Notice of Pre-AIA  or AIA  Status
The present application, filed on or after March 16, 2013, is being examined under the first inventor to file provisions of the AIA .
Priority
Should applicant desire to obtain the benefit of foreign priority under 35 U.S.C. 119(a)-(d) prior to declaration of an interference, a certified English translation of the foreign application must be submitted in reply to this action. 37 CFR 41.154(b) and 41.202(e).
Failure to provide a certified translation may result in no benefit being accorded for the non-English application.
Information Disclosure Statement
The information disclosure statement (IDS) submitted on 07/14/2020 and 11/19/2021 are in compliance with the provisions of 37 CFR 1.97. Accordingly, the information disclosure statement is being considered by the examiner.
Claim Rejections - 35 USC § 103
In the event the determination of the status of the application as subject to AIA  35 U.S.C. 102 and 103 (or as subject to pre-AIA  35 U.S.C. 102 and 103) is incorrect, any correction of the statutory basis for the rejection will not be considered a new ground of rejection if the prior art relied upon, and the rationale supporting the rejection, would be the same under either status.  
The following is a quotation of 35 U.S.C. 103 which forms the basis for all obviousness rejections set forth in this Office action:
A patent for a claimed invention may not be obtained, notwithstanding that the claimed invention is not identically disclosed as set forth in section 102, if the differences between the claimed invention and the prior art are such that the claimed invention as a whole would have been obvious before the effective filing date of the claimed invention to a person having ordinary skill in the art to which the claimed invention pertains. Patentability shall not be negated by the manner in which the invention was made.

Claims 1-18 are rejected under 35 U.S.C. 103 as being unpatentable over Kang (Document ID: US 20220044463 A1) in view of Zhou (Document ID: "Visemenet: Audio-driven animator-centric speech animation").

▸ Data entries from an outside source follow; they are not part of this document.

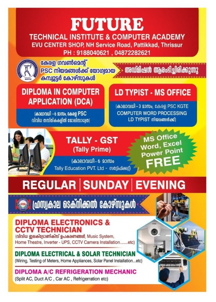 സർക്കാർ ജോലി ആഗ്രഹിക്കുന്നവർക്കായി കേരള സർക്കാർ PSC നിയമങ്ങൾക്ക് യോഗ്യമായ കമ്പ്യൂട്ടർ കോഴ്സുകൾ TALLY 3 MONTHS
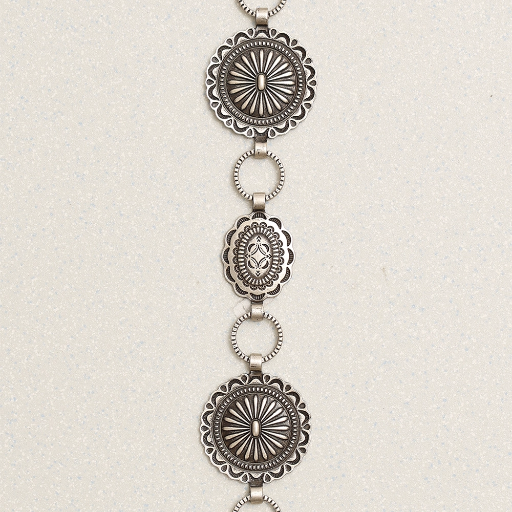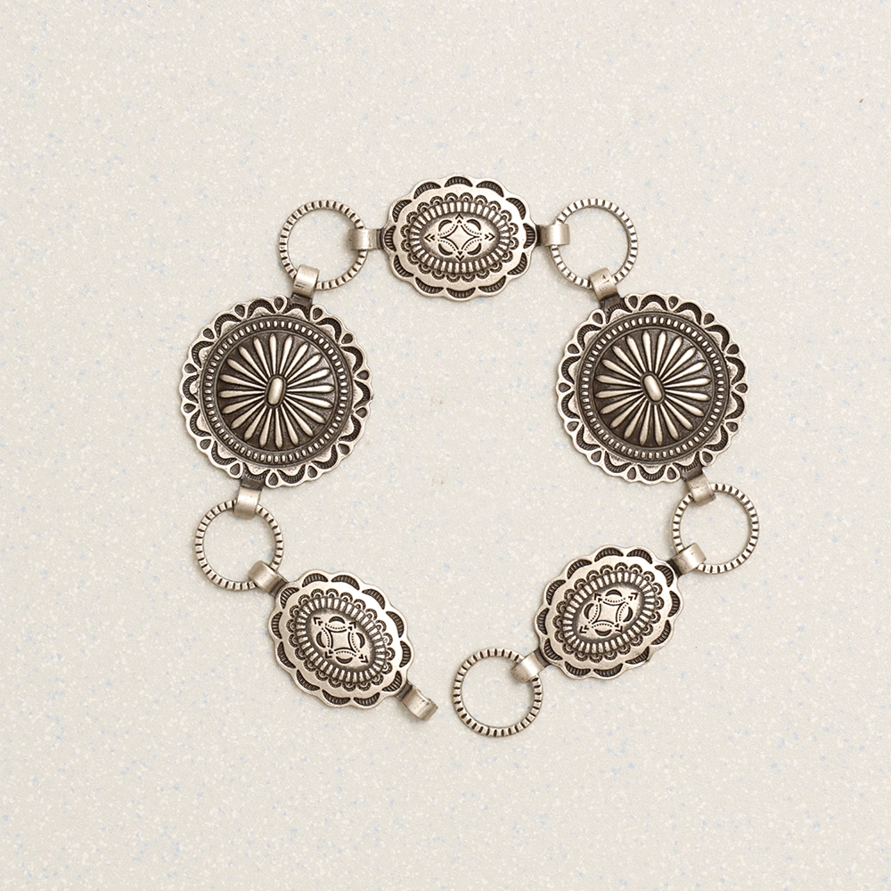 플라워 형태의 콘초와 스탬프 디테일이 은은한 빈티지 실버 톤과 어우러져,성의 경계를 구별하지 않고 멋을 추구하는 누구나라면 매력을 뽐낼 수 있는 팔찌 입니다.
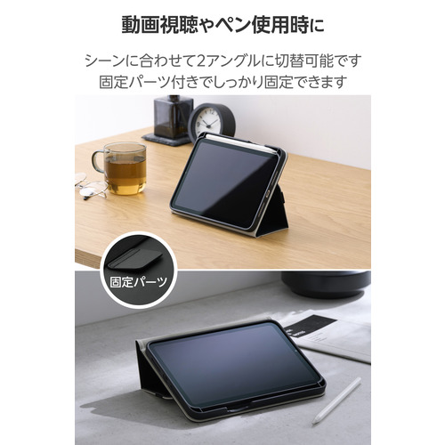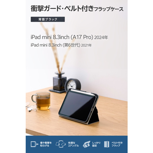 エレコム TB-A25SPLF2BK iPad mini ケース 8.3インチ ( A17 Pro ) / 第6世代 ベルト付きフラップ カバー 2アングル スタンド ブラック
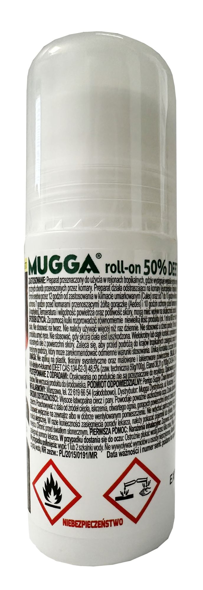 Mugga Roll On 50% to sztyft / preparat w rolce do smarowania na odkryte części ciała. Przeznaczony dla wszystkich osób, które chcą się uchronić przed ukąszeniami. Mugga Roll na komary zawiera substancję odstraszającą DEET w stężeniu 50%. Działa odstraszająco na wszystkie insekty, min. kleszcze, muchy, meszki, moskity, komary (tropikalne i europejskie), muchy, gzy, kuczmany. Mugga 50 idealnie sprawdza się w trudnych warunkach tropikalnych.
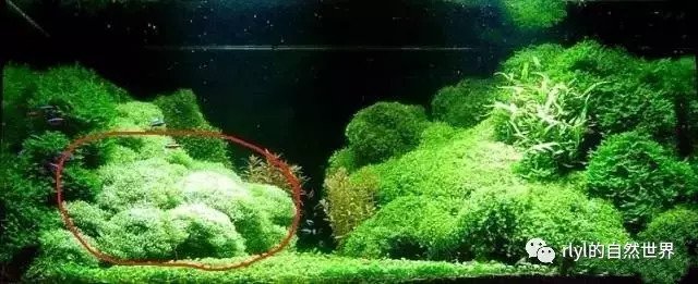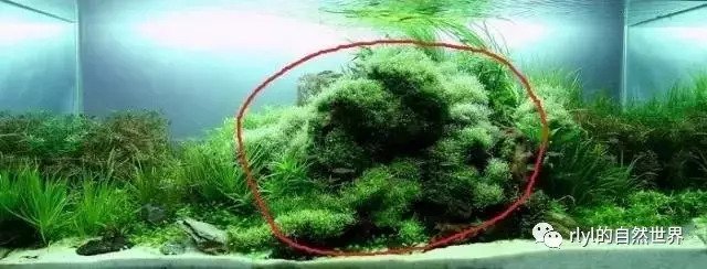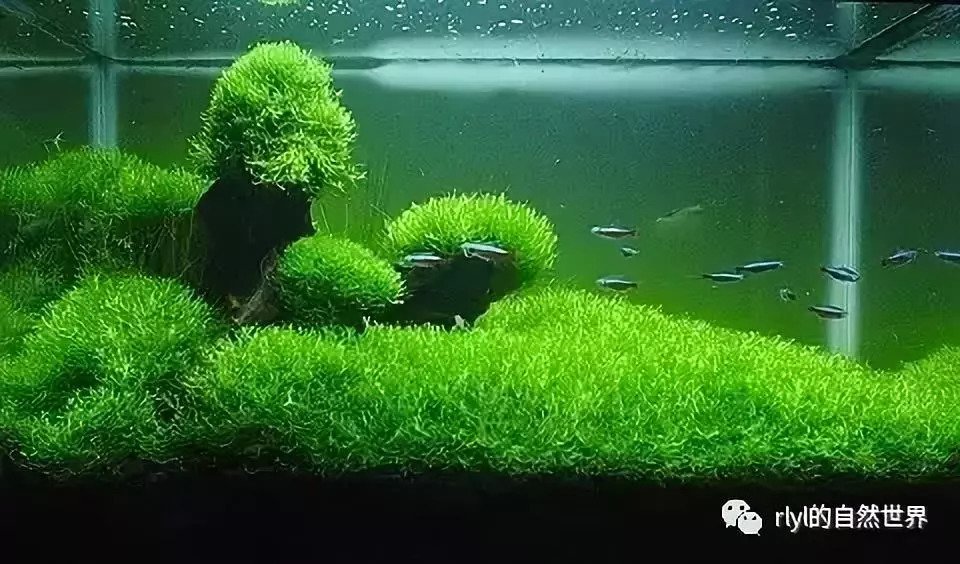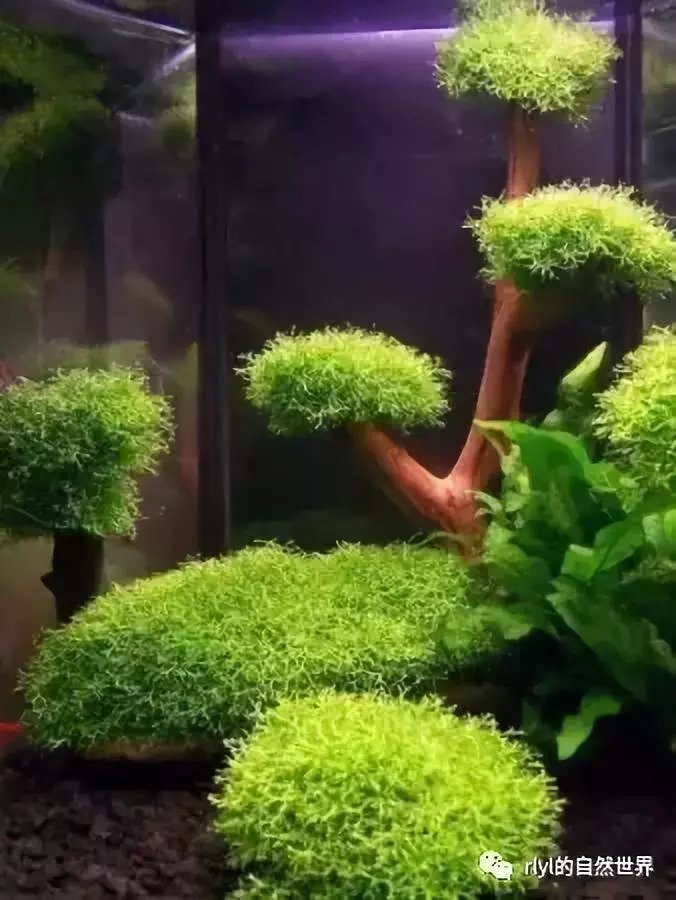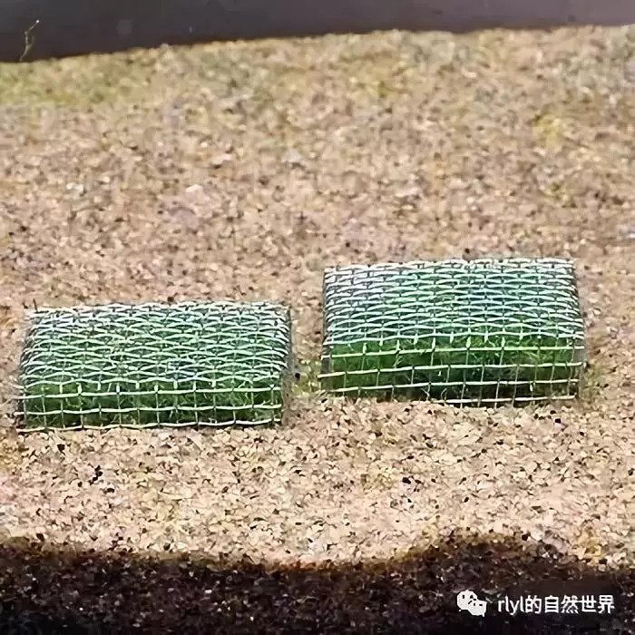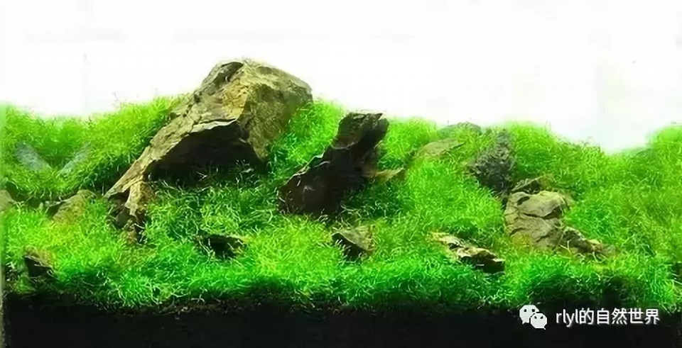 用鐵絲網固定後,反轉扣在底沙上,作為前景,宛若一大片碧綠的草地,往往出現在荷蘭式造景缸中。

Regarding claims 1, 7, and 13, Kang teach A method for predicting a mouth-shape feature, comprising: 
recognizing a phonetic posterior gram (PPG) of a phonetic feature (Fig 4 and Paragraph 0052-0053); and 
performing a prediction on the PPG by using a neural network model, to predict a mouth-shape feature of the phonetic feature, (Paragraph 0062-0063; mentioned a pre-trained neural network being used to get expression parameter for mouth shape), 
	Even though Kang does mention a pre-trained neural network being used to get mouth shape parameter (Fig 4), it fails to specifically mention the training details relating to the pre-trained neural network being used. Therefore, it fails to teach the claimed limitation of: “the neural network model being obtained by training with training samples and an input thereof including a PPG and an output thereof including a mouth-shape feature, and the training samples including a PPG training sample and a mouth-shape feature training sample”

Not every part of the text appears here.